After a period of great uncertainties and instabilities – which have obviously not yet completely dissipated in Brazil today – the next few years promise to be a prolific and even celebratory period for Associação Cultural Videobrasil (VB). First, on the 40th anniversary of the 1st Videobrasil Festival, held in 1983, still in the last years of the country's civil-military dictatorship. Second, for the confirmation that the 22nd Bienal Sesc_Videobrasil will be held in 2023, postponed for two years due to the pandemic and which will already have activities scheduled for next year. There will also be a large exhibition of the vast VB collection in Vitória (Espírito Santo), starting in March, the continuation of virtual exhibitions on Videobrasil Online and participation in other projects such as an exhibition on display at the Museum of Language Portuguese.
Established curator with extensive experience in Brazil and abroad, former director of MAM-BA and in charge of Associação VB since the beginning, Solange Farkas was just a young graduate – in journalism and art history from the Federal University of Bahia – when he decided to hold the Videobrasil Festival. Already based in São Paulo, her main supporter was her father-in-law, Thomas Farkas (1924-2011), one of the most important names in modern photography and cinema in Brazil and, at the time, owner of the company Fotoptica. Already interested in Brazilian underground cinema, the subject of her graduation work at UFBA, Solange let herself be carried away by Thomas' stimuli, added to the clear perception that video was establishing itself as a new language in the country and in the world.
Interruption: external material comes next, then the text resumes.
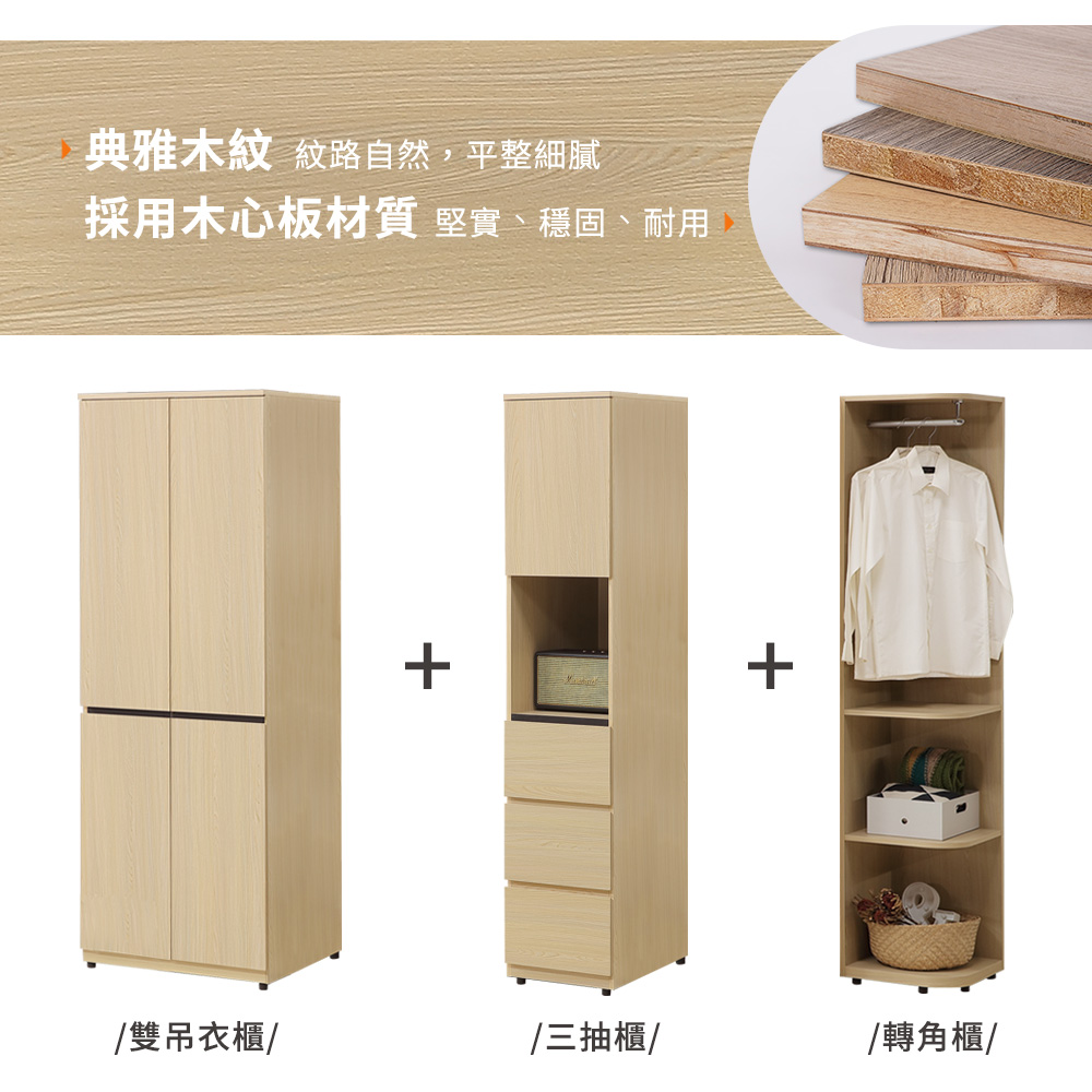 【Homelike】喜家居5尺轉角三抽組合衣櫃(2501)

“In the early 1980s, video was emerging as a device. There was cinema and television, but not what we call video”, she says in an interview with arte!brasileiros. Brazilian production prior to this period, still in the 1970s, was basically confined to the core of professor Walter Zanini, who after acquiring equipment abroad for MAC-USP gave it to artists such as Regina Silveira, Wesley Duke Lee, Carmela Gross , Julio Plaza and José Roberto Aguilar. “But the more affordable video equipment didn't arrive until the early 1980s, and Thomas knew there was something big there. And he asked me if I wanted to do a show or something that would encourage artists to use the video and show this production.”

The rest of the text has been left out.